### EXERCISE DESCRIPTION
Every line of the entries below from the one containing "حصلت الشركة الوطنية" to the one containing "大家好,雨雨来为大家解答以上", both ends included, must be written out exactly. No other line belongs in the answer.

### DATA TO EXAMINE
★ ★ ★ ★

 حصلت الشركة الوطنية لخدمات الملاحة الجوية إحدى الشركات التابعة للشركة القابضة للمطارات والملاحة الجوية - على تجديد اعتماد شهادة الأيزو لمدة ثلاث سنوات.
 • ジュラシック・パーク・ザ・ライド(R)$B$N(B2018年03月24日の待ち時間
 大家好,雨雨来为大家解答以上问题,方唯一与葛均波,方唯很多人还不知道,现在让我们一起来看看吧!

★ ★ ★ ★

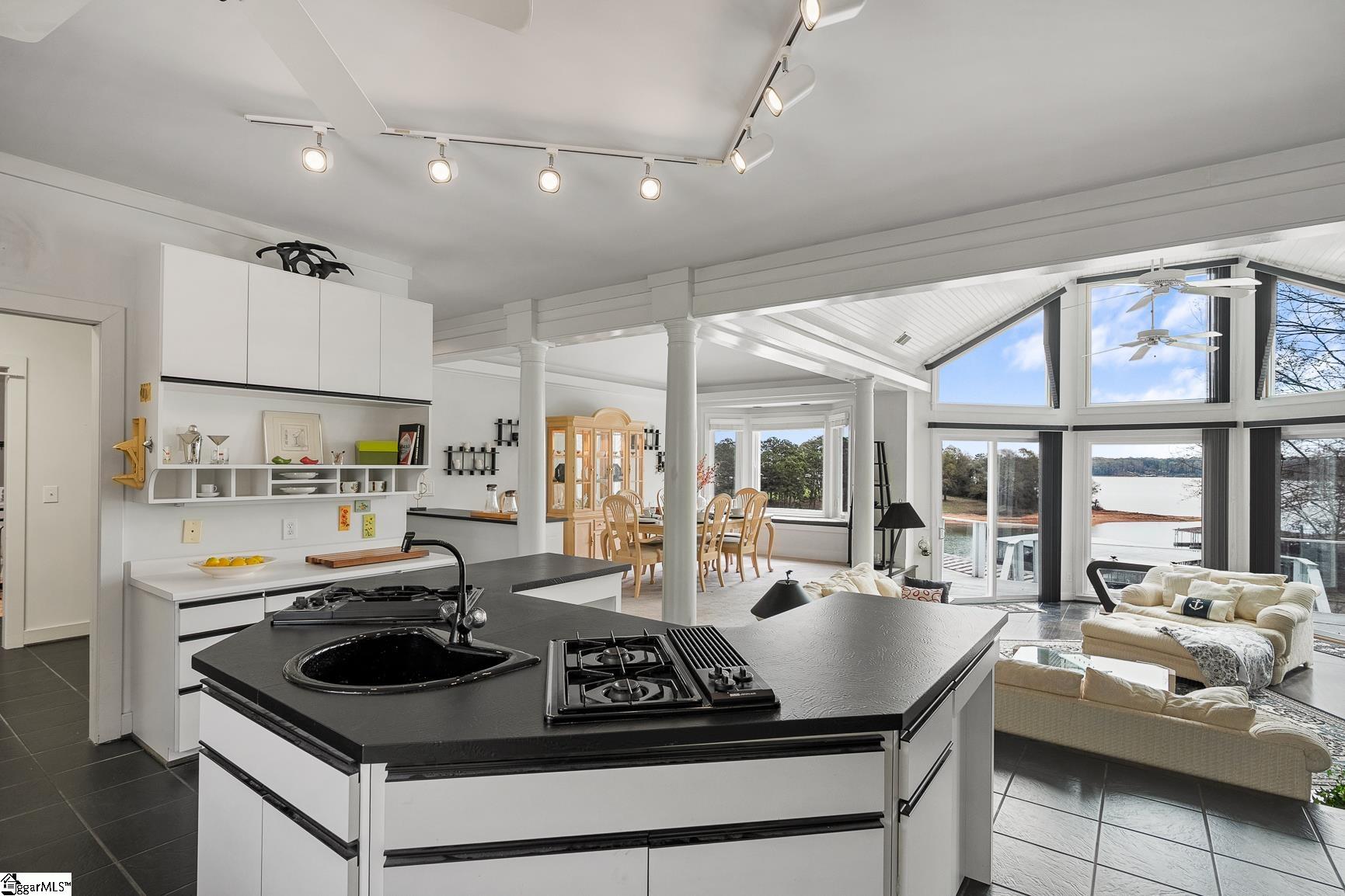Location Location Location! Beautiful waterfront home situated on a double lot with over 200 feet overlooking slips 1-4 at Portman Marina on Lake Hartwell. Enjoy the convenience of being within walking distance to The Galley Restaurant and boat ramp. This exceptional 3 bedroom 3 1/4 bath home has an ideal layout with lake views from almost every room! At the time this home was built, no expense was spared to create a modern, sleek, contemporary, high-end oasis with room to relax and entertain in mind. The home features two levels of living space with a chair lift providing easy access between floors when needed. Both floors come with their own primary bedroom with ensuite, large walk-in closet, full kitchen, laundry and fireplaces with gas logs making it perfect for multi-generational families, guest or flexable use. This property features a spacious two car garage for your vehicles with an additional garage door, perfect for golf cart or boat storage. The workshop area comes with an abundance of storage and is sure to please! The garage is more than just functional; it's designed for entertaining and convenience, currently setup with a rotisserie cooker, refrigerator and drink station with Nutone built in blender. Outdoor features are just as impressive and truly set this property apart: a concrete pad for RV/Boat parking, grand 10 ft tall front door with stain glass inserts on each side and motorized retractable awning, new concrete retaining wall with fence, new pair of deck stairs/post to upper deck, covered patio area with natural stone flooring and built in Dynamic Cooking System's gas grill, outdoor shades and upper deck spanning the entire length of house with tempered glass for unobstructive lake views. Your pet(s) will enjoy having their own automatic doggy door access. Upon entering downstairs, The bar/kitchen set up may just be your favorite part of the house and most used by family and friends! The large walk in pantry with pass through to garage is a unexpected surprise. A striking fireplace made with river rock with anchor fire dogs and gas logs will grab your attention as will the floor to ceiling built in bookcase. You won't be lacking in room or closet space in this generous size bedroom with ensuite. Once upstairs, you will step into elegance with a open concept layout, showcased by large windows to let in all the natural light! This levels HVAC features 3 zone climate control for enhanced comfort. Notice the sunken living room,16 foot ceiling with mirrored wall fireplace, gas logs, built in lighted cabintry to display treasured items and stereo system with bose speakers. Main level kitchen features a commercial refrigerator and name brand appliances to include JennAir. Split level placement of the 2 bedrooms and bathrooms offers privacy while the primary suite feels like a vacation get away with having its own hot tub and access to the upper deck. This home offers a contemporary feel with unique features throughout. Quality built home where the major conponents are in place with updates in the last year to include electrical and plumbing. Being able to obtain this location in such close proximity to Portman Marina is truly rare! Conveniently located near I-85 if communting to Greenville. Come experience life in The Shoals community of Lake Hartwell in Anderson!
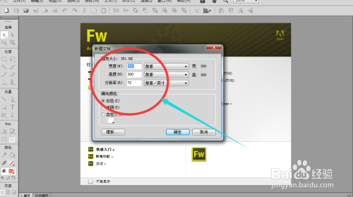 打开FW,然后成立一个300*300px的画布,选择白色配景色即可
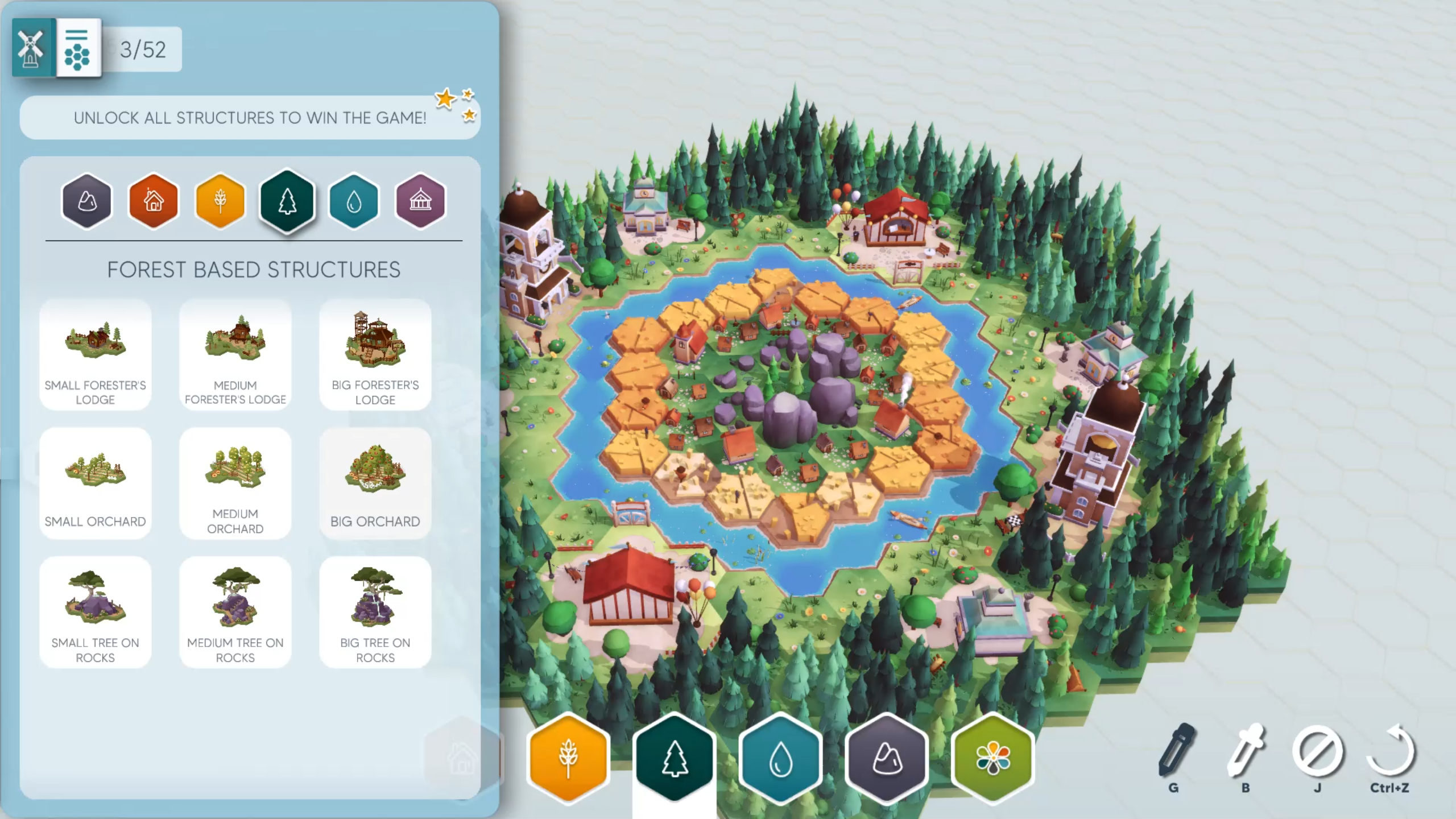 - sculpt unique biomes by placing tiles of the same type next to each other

★ ★ ★ ★

### YOUR RESPONSE
 حصلت الشركة الوطنية لخدمات الملاحة الجوية إحدى الشركات التابعة للشركة القابضة للمطارات والملاحة الجوية - على تجديد اعتماد شهادة الأيزو لمدة ثلاث سنوات.
 • ジュラシック・パーク・ザ・ライド(R)$B$N(B2018年03月24日の待ち時間
 大家好,雨雨来为大家解答以上问题,方唯一与葛均波,方唯很多人还不知道,现在让我们一起来看看吧!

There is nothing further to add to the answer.